» **Input data**:
========
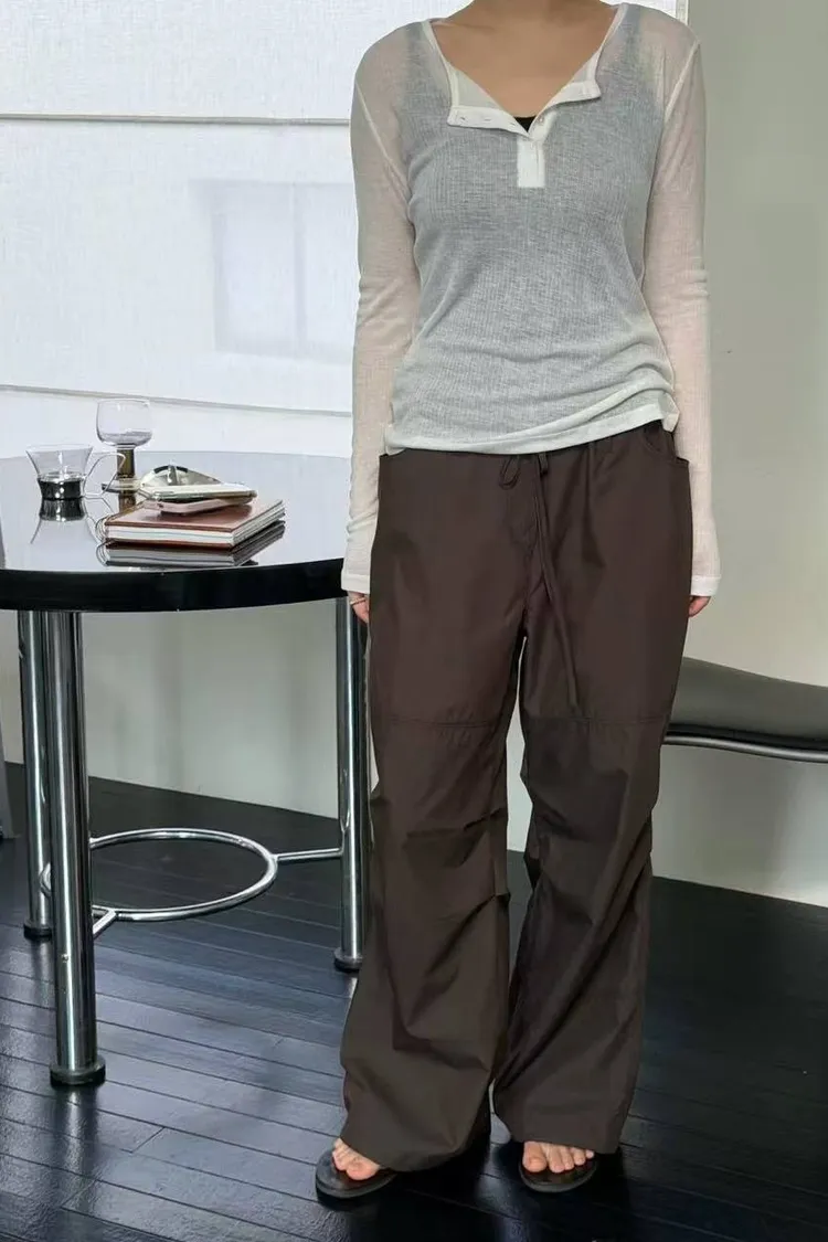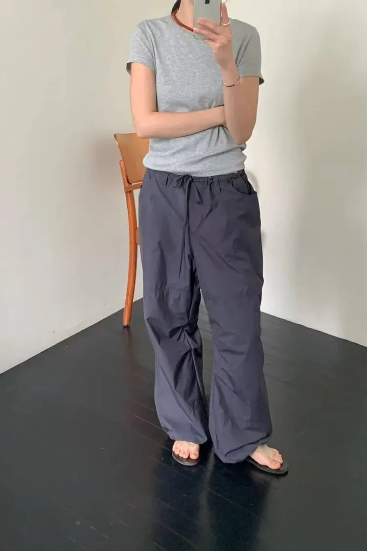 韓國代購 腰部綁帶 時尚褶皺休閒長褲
========
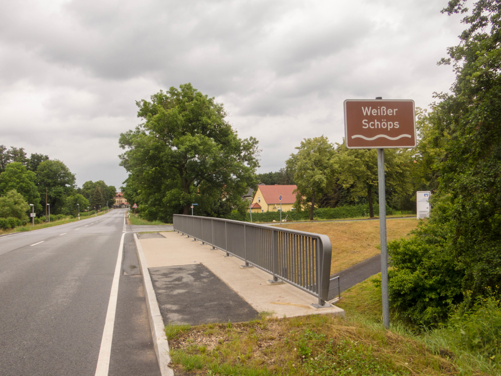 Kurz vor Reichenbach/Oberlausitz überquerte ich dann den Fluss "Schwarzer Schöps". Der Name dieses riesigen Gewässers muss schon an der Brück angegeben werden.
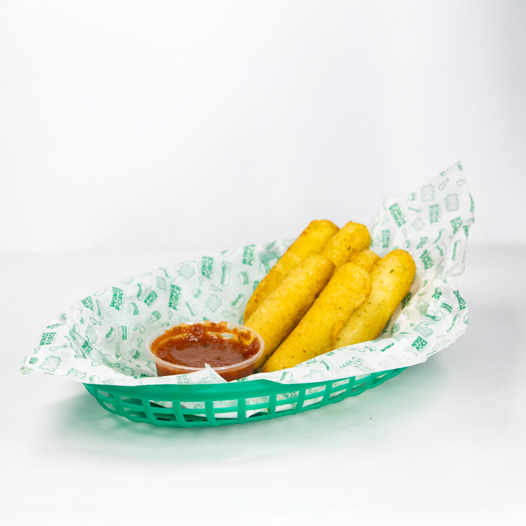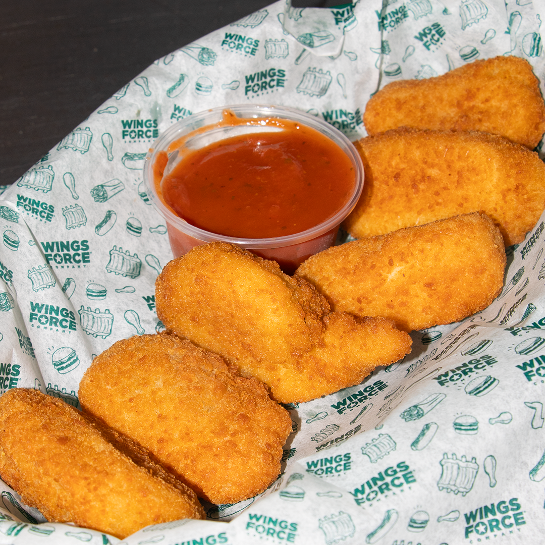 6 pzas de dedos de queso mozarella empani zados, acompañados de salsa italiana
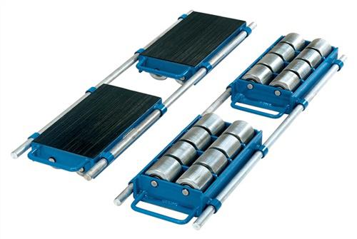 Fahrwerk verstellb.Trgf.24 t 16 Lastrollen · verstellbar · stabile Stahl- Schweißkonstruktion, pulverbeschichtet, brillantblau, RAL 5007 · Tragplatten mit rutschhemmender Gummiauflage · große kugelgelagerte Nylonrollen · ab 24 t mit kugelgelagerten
========
» **Activity**: In the records above, find the line containing "Kurz vor Reichenbach/Oberlausitz" and the line containing "Fahrwerk verstellb.Trgf.24 t", then give both of them again word for word along with every line between. Omit any pictures.

» **Response to this task**:
 Kurz vor Reichenbach/Oberlausitz überquerte ich dann den Fluss "Schwarzer Schöps". Der Name dieses riesigen Gewässers muss schon an der Brück angegeben werden.
 6 pzas de dedos de queso mozarella empani zados, acompañados de salsa italiana
 Fahrwerk verstellb.Trgf.24 t 16 Lastrollen · verstellbar · stabile Stahl- Schweißkonstruktion, pulverbeschichtet, brillantblau, RAL 5007 · Tragplatten mit rutschhemmender Gummiauflage · große kugelgelagerte Nylonrollen · ab 24 t mit kugelgelagerten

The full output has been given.